Data block.
↓
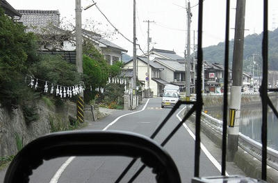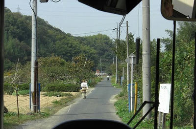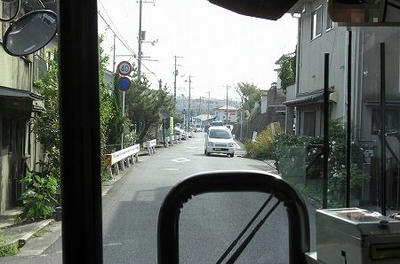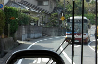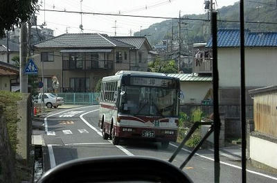 狭隘区間を走るバス。
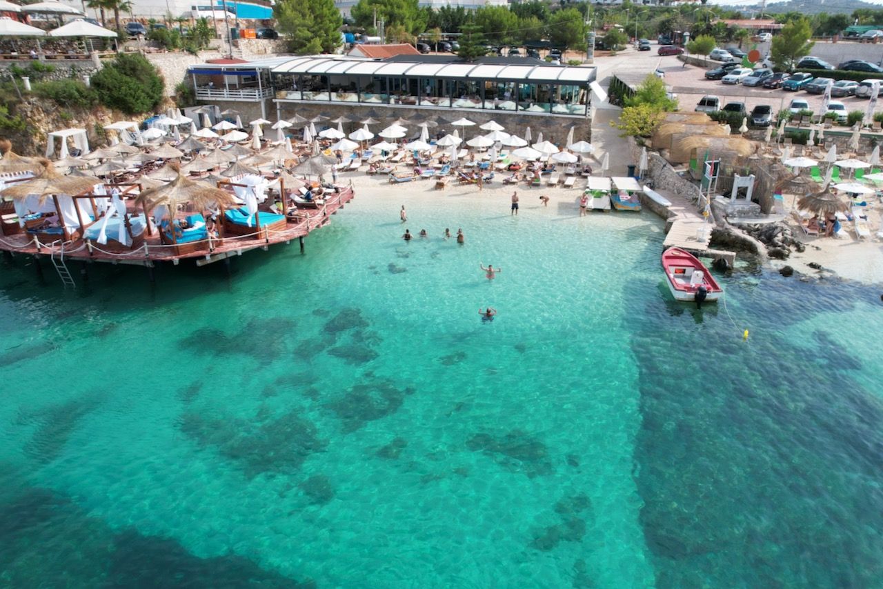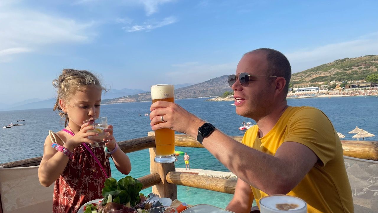 Week 8 staat vooral in het teken van relaxen aan de stranden van Albanië. We bezochten Sarande en Ksamil. De weg vanuit Berat naar Sarande was nog even een uitdaging. Het was slechts 200 kilometer, maar er stond 5 uur voor. Al snel kwamen we erachter waarom: zeker 20 kilometer ging over een onverharde weg. Eerst dachten we nog dat de navigatie een verkeerde weg aangaf, maar toen we ook andere auto's deze weg zagen nemen gingen we er toch maar achteraan. Na veel gehobbel en kuilen proberen te ontwijken komen we via een hoop bergweggetjes en zelfs nog een oliemeer aan op onze bestemming.
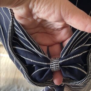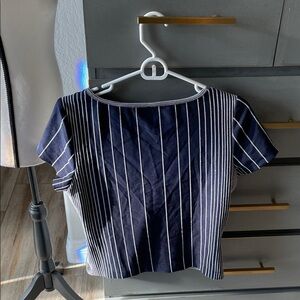 Chic navy blouse with white stripes. Features a stylish knot-front design. Ideal for a modern look.
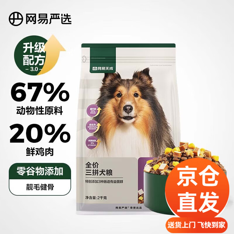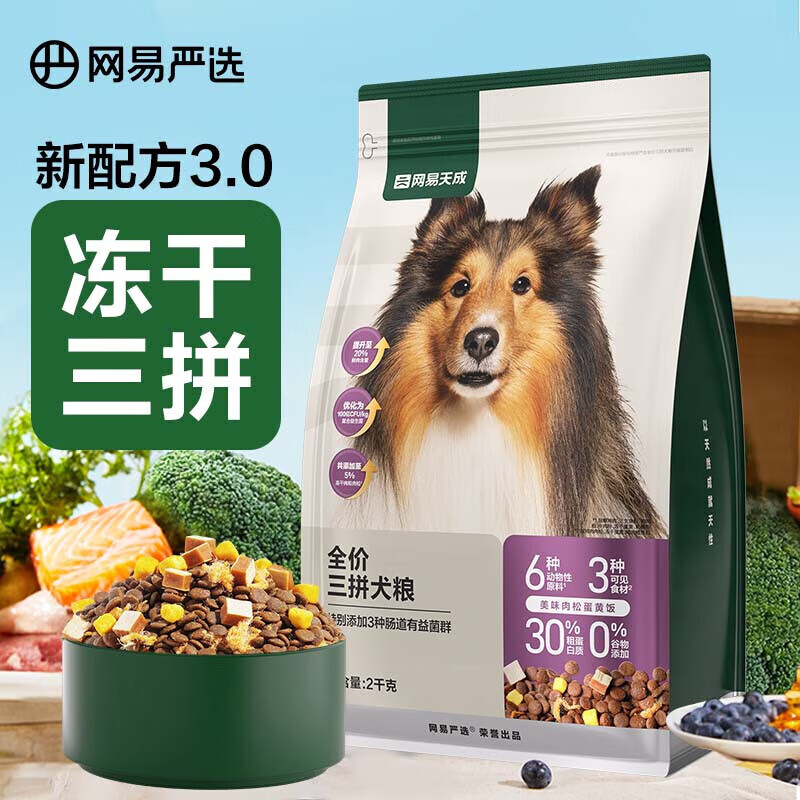 网易严选全价三拼犬粮3.0升级狗粮 无谷物肉粒三文鱼牛肉鸡肉鸭肉柯基泰迪 三拼狗粮2kg
↑
All of the material above should be reproduced exactly, except the pictures.

Answer for this exercise.
 狭隘区間を走るバス。
 Week 8 staat vooral in het teken van relaxen aan de stranden van Albanië. We bezochten Sarande en Ksamil. De weg vanuit Berat naar Sarande was nog even een uitdaging. Het was slechts 200 kilometer, maar er stond 5 uur voor. Al snel kwamen we erachter waarom: zeker 20 kilometer ging over een onverharde weg. Eerst dachten we nog dat de navigatie een verkeerde weg aangaf, maar toen we ook andere auto's deze weg zagen nemen gingen we er toch maar achteraan. Na veel gehobbel en kuilen proberen te ontwijken komen we via een hoop bergweggetjes en zelfs nog een oliemeer aan op onze bestemming.
 Chic navy blouse with white stripes. Features a stylish knot-front design. Ideal for a modern look.
 网易严选全价三拼犬粮3.0升级狗粮 无谷物肉粒三文鱼牛肉鸡肉鸭肉柯基泰迪 三拼狗粮2kg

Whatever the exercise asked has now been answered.